++++ DATA UNDER STUDY

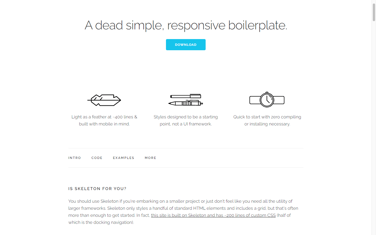 Skeleton is a simple, responsive CSS framework with a small footprint. Skeleton includes everything you need to get started with responsive web design. It has a 12-column grid, sensible typography, and easy-to-use components. It’s perfect for rapid prototyping and small projects. Skeleton is open source and available on GitHub. It has a minimal number of rules, and its grid system makes it easy to create layouts that are both responsive and mobile-friendly.
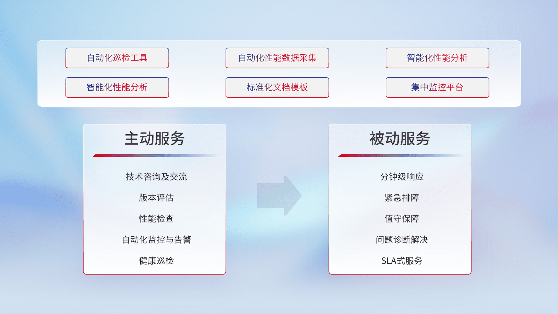 智能化工具和标准化文档,,保障服务质量,,提供主动服务(包含技术咨询、、版本评估、、性能检查、、自动化监控与告警、、、健康巡检)和被动服务包含(分钟级响应、、、紧急排障、、、值守保障、、、、问题诊断解决、、SLA服务)。。
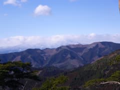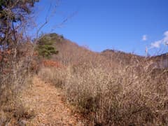 頂上から急な赤松の尾根を、張られたロープを手摺にして下る。傾斜が緩むと、眺めの良い尾根道となる。ここまで下れば、山に遮られて風もない。
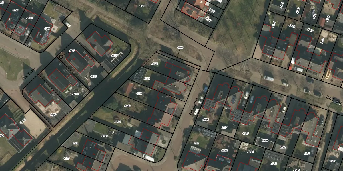 Het perceel waarop De Gaffel 4 staat heeft een oppervlakte van 345 m². Dit is een groot perceel. De perceeloppervlakte wordt geregistreerd door het Kadaster. Gedetailleerde informatie over de maten van dit perceel kunt u vinden in het rapport Kadastrale kaart met maatvoering van De Gaffel 4.
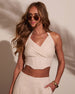Flirty, fresh, and undeniably elevated the Melanie Linen Corset Top is where elegance meets effortless edge. Designed in breathable linen with a pleated surplice bust and halter neck tie, this top brings a flattering, sun-kissed silhouette with a soft twist of romance. The boned bodice gives structure without feeling stiff, while the smocked back panel keeps things comfy and perfectly fitted. Pair it with the matching Melanie Wide Leg Linen Pants for a chic set that screams summertime fine.
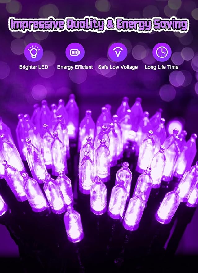 - Indoor Halloween Lights: Measuring 8 feet in length with 4-inch spacing between LED bulbs, these 20 purple twinkle lights are ideal for indoor Halloween decor. The 20-inch cable between the wire and battery box ensures easy placemen
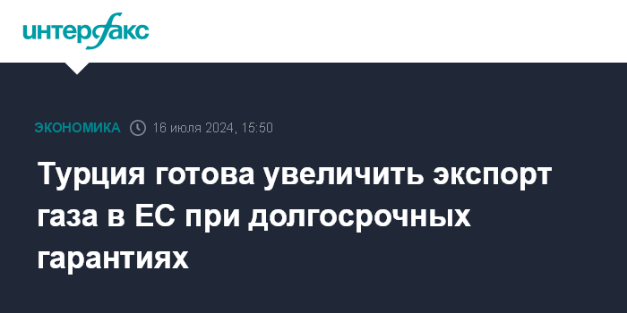 Москва. 16 июля. INTERFAX.RU - Турция готова продавать больше газа в Евросоюз, но хочет долгосрочных обязательств, чтобы оправдать инвестиции в инфраструктуру, а также предпочитает обойтись без сложного свопирования, на котором настаивает ЕС, чтобы избежать поставок российского газа, заявил Bloomberg глава Минэнерго страны Алпарслан Байрактар.
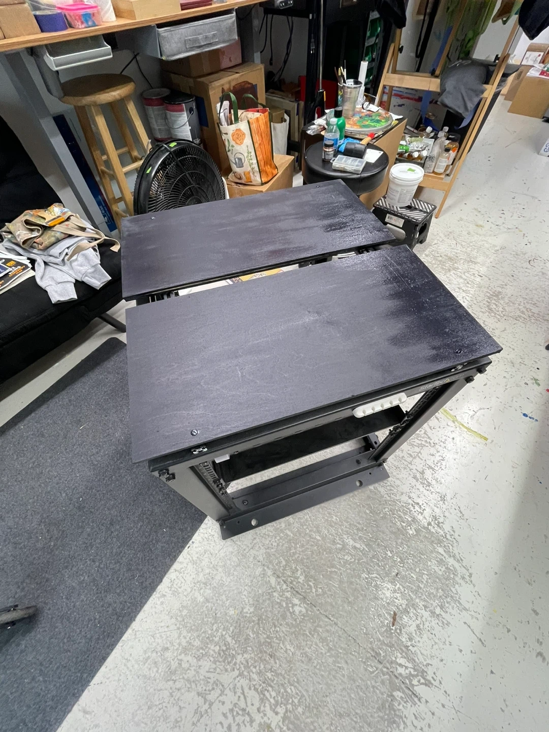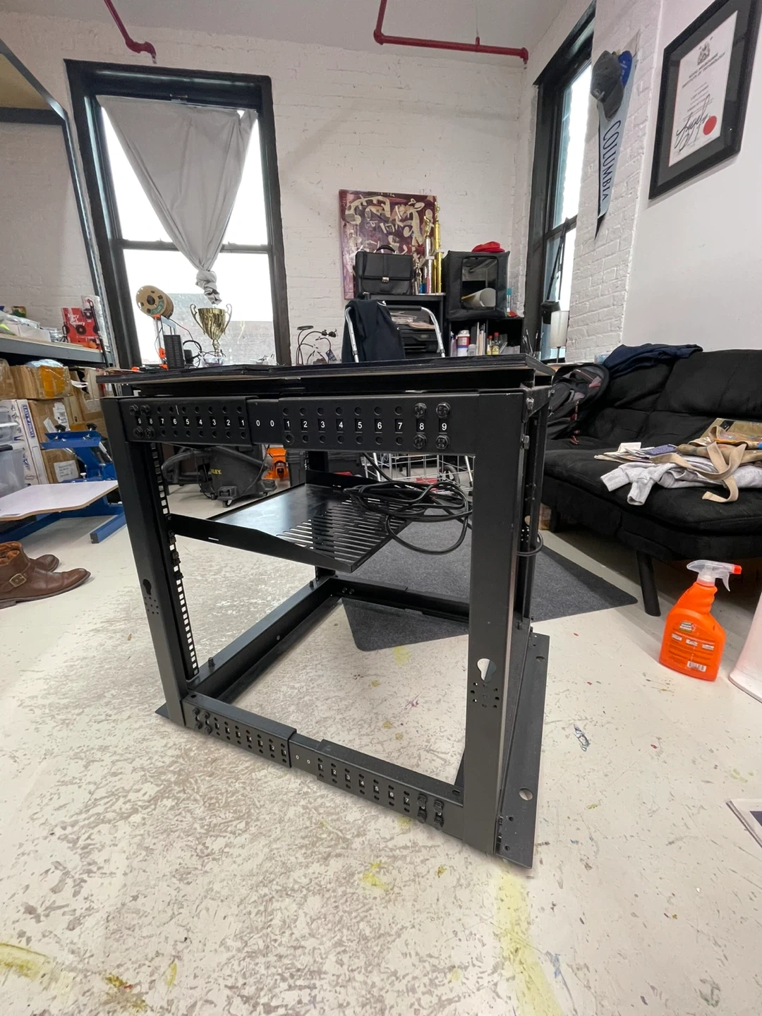 This StarTech.com server rack provides a stable, open-frame solution for mounting your network equipment. It features a durable black steel construction and includes a wooden top surface. It's great for organizing servers and other rack-mountable gear in a home or office setting.
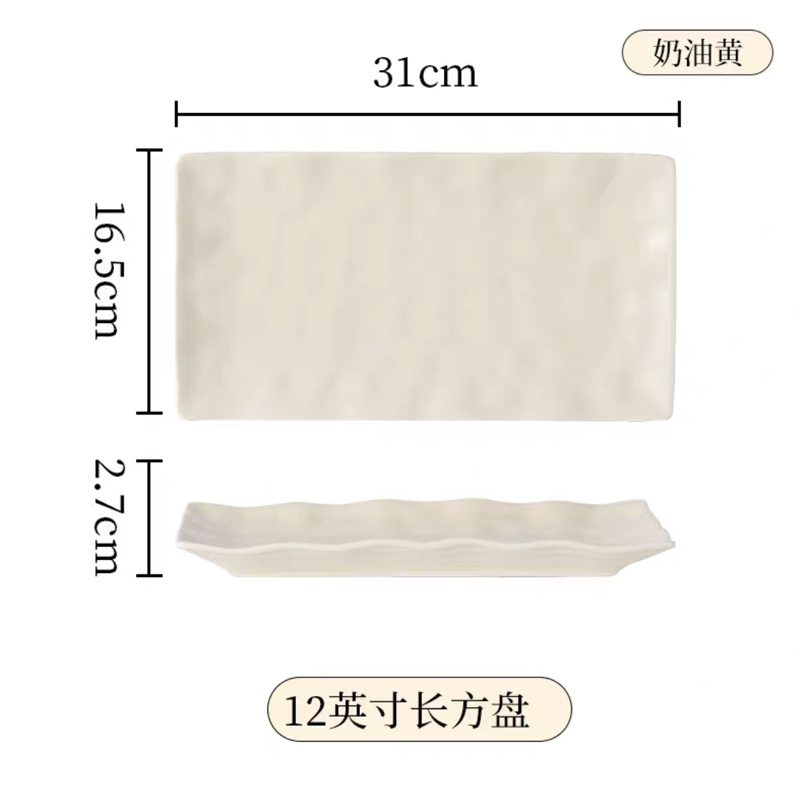 手捏纹12英寸长方盘【奶白】
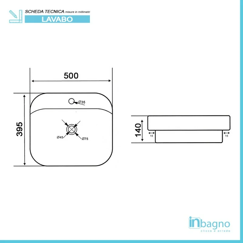 Lavandino da appoggio 50x39 cm caratteristiche tecniche:
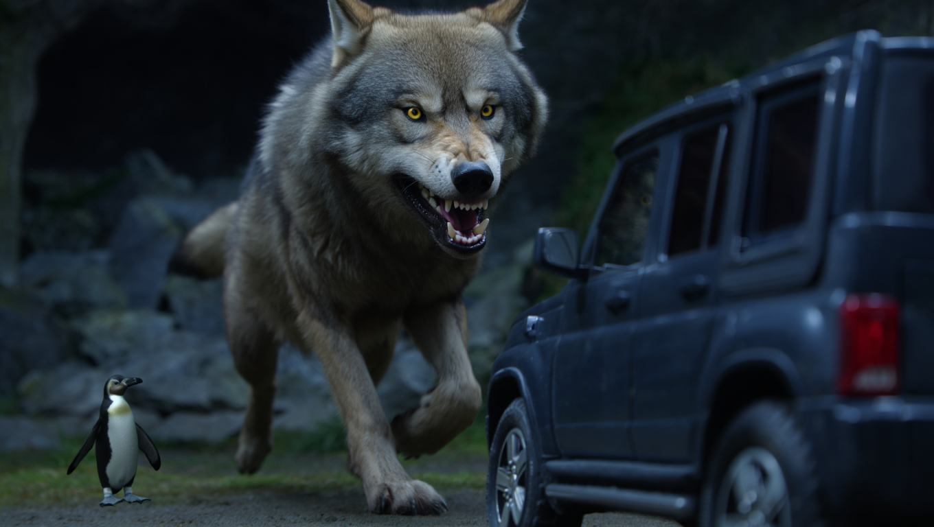 The wolf’s yellow eyes locked onto the empty space where the penguin had been. His head swiveled, tracking the fleeing bird, then slowly—terrifyingly slowly—turned to stare directly at me through my vehicle’s window.
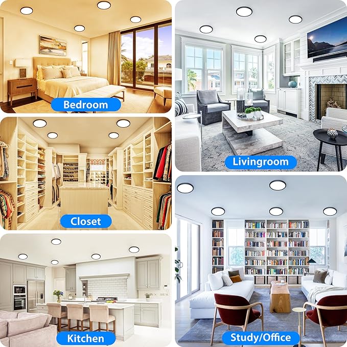 - High CRI & Eye-caring: With an impressive CRI of 85+, this round surface mount light fixture ensures that colors appear true-to-life and vibrant. Equipped with high-quality 2835 LED chips,it delivers stable,uniform,flicker-free light,significantly reducing eye strain and promoting comfortable viewing

++++++++

■ TASK ■
With the pictures removed, return all the entries exactly.

■ SOLUTION TO THIS TASK ■
 Skeleton is a simple, responsive CSS framework with a small footprint. Skeleton includes everything you need to get started with responsive web design. It has a 12-column grid, sensible typography, and easy-to-use components. It’s perfect for rapid prototyping and small projects. Skeleton is open source and available on GitHub. It has a minimal number of rules, and its grid system makes it easy to create layouts that are both responsive and mobile-friendly.
 智能化工具和标准化文档,,保障服务质量,,提供主动服务(包含技术咨询、、版本评估、、性能检查、、自动化监控与告警、、、健康巡检)和被动服务包含(分钟级响应、、、紧急排障、、、值守保障、、、、问题诊断解决、、SLA服务)。。
 頂上から急な赤松の尾根を、張られたロープを手摺にして下る。傾斜が緩むと、眺めの良い尾根道となる。ここまで下れば、山に遮られて風もない。
 Het perceel waarop De Gaffel 4 staat heeft een oppervlakte van 345 m². Dit is een groot perceel. De perceeloppervlakte wordt geregistreerd door het Kadaster. Gedetailleerde informatie over de maten van dit perceel kunt u vinden in het rapport Kadastrale kaart met maatvoering van De Gaffel 4.
Flirty, fresh, and undeniably elevated the Melanie Linen Corset Top is where elegance meets effortless edge. Designed in breathable linen with a pleated surplice bust and halter neck tie, this top brings a flattering, sun-kissed silhouette with a soft twist of romance. The boned bodice gives structure without feeling stiff, while the smocked back panel keeps things comfy and perfectly fitted. Pair it with the matching Melanie Wide Leg Linen Pants for a chic set that screams summertime fine.
 - Indoor Halloween Lights: Measuring 8 feet in length with 4-inch spacing between LED bulbs, these 20 purple twinkle lights are ideal for indoor Halloween decor. The 20-inch cable between the wire and battery box ensures easy placemen
 Москва. 16 июля. INTERFAX.RU - Турция готова продавать больше газа в Евросоюз, но хочет долгосрочных обязательств, чтобы оправдать инвестиции в инфраструктуру, а также предпочитает обойтись без сложного свопирования, на котором настаивает ЕС, чтобы избежать поставок российского газа, заявил Bloomberg глава Минэнерго страны Алпарслан Байрактар.
 This StarTech.com server rack provides a stable, open-frame solution for mounting your network equipment. It features a durable black steel construction and includes a wooden top surface. It's great for organizing servers and other rack-mountable gear in a home or office setting.
 手捏纹12英寸长方盘【奶白】
 Lavandino da appoggio 50x39 cm caratteristiche tecniche:
 The wolf’s yellow eyes locked onto the empty space where the penguin had been. His head swiveled, tracking the fleeing bird, then slowly—terrifyingly slowly—turned to stare directly at me through my vehicle’s window.
 - High CRI & Eye-caring: With an impressive CRI of 85+, this round surface mount light fixture ensures that colors appear true-to-life and vibrant. Equipped with high-quality 2835 LED chips,it delivers stable,uniform,flicker-free light,significantly reducing eye strain and promoting comfortable viewing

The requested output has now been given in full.